We know the following are true about sine and cosine (and that they can be proven geometrically):
- $\sin(a+b)=\sin(a)\cos(b)+\sin(b)\cos(a)$
- $\cos(a+b)=\cos(a)\cos(b)-\sin(a)\sin(b)$
- $\lim\limits_{x\to0}\dfrac{\sin x}x=1$
- $\lim\limits_{x\to0}\dfrac{\cos x-1}x=0$
- They are continuous
Let's say we have two real functions: $s(x)$ and $c(x)$. If we know that the above are true for $s$ and $c$ (i.e. $s(a+b)=s(a)c(b)+s(b)c(a)$, etc.), can we conclude that $s$ and $c$ are equal to $\sin$ and $\cos$ respectively? In other words, are sine and cosine the only two functions that satisfy the above? Do the five points above uniquely define the sine and cosine?

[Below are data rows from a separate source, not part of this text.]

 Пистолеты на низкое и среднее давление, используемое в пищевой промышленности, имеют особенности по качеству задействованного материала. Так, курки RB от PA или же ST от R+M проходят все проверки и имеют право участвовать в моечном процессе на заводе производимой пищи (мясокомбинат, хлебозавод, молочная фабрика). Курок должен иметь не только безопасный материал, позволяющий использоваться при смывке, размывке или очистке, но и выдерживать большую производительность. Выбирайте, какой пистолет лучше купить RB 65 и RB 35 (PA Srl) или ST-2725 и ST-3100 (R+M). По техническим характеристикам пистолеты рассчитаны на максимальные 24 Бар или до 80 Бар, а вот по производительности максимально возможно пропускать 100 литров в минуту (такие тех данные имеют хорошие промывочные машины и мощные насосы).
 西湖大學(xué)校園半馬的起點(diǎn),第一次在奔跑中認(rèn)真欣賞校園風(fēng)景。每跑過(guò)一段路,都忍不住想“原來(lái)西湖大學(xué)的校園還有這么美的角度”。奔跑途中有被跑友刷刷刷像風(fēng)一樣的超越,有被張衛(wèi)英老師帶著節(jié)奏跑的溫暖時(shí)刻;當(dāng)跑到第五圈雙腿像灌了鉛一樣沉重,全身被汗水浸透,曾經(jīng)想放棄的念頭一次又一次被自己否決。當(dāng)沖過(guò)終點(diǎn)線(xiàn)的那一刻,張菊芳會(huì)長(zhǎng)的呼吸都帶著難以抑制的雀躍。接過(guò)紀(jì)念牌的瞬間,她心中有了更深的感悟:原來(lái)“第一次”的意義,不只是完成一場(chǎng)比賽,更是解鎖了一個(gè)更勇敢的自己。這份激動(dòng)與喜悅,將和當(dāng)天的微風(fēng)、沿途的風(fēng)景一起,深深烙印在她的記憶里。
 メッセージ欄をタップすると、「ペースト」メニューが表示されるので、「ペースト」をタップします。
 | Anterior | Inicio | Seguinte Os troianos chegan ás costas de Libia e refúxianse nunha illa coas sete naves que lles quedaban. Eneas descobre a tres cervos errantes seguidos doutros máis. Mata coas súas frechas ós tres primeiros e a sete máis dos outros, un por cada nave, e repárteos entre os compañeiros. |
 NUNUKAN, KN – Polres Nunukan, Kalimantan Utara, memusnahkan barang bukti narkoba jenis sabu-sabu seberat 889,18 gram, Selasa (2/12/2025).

I was thinking of the unit circle definition of sine and cosine, and I knew that there are many non-geometric definitions of them. I was wondering if the four facts shown above were enough to count as a non-geometric definition.

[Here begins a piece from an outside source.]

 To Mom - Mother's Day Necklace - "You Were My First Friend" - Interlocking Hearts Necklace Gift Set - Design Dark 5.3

(Without the third point, stuff like $\sin(x \text{ degrees})$ and $\cos(x \text{ degrees})$ would also work; in other words, the third point specifies that we're using radians.)
EDIT: Added fourth point, since $s(x)=e^x\sin(x)$, $c(x)=e^x\cos(x)$ would work if it was omitted.
Best Answer
Yes, this uniquely defines the sine and cosine functions. In particular, let's write $$f(x)=\cos(x)+i\sin(x)$$ where $i$ is the imaginary unit. Then, the sum identities will yield, after a bit of computation that $f(x)f(y)=f(x+y)$. This is somewhat tedious, but easy to verify. But guess what! The only continuous functions which can satisfy $f(x)f(y) = f(x+y)$ are exponential functions; to prove this, notice that, for integer $n$, it is clear that $f(nx)=f(x)^n$. You can use this to show that, over the rationals, $f$ is an exponential function (i.e. $f(x)=e^{ax}$).*
Since we have $\sin(0)=0$, $\sin'(0)=1$, $\cos(0)=1$ and $\cos'(0)=0$, this implies that $f'(0)=i$. The only exponential function satisfying this is $f(x)=e^{ix}$. Extracting real and imaginary parts yields, uniquely, cosine and sine.
*If you wish to be formal about this, it would be wise to prove that $|f(x)|=e^{\alpha x}$ first, then prove that $\arg(f(x))\equiv \beta x$ - you can avoid the issue of $n^{th}$ roots being non-unique in the complex plane by separating your argument into these two sections.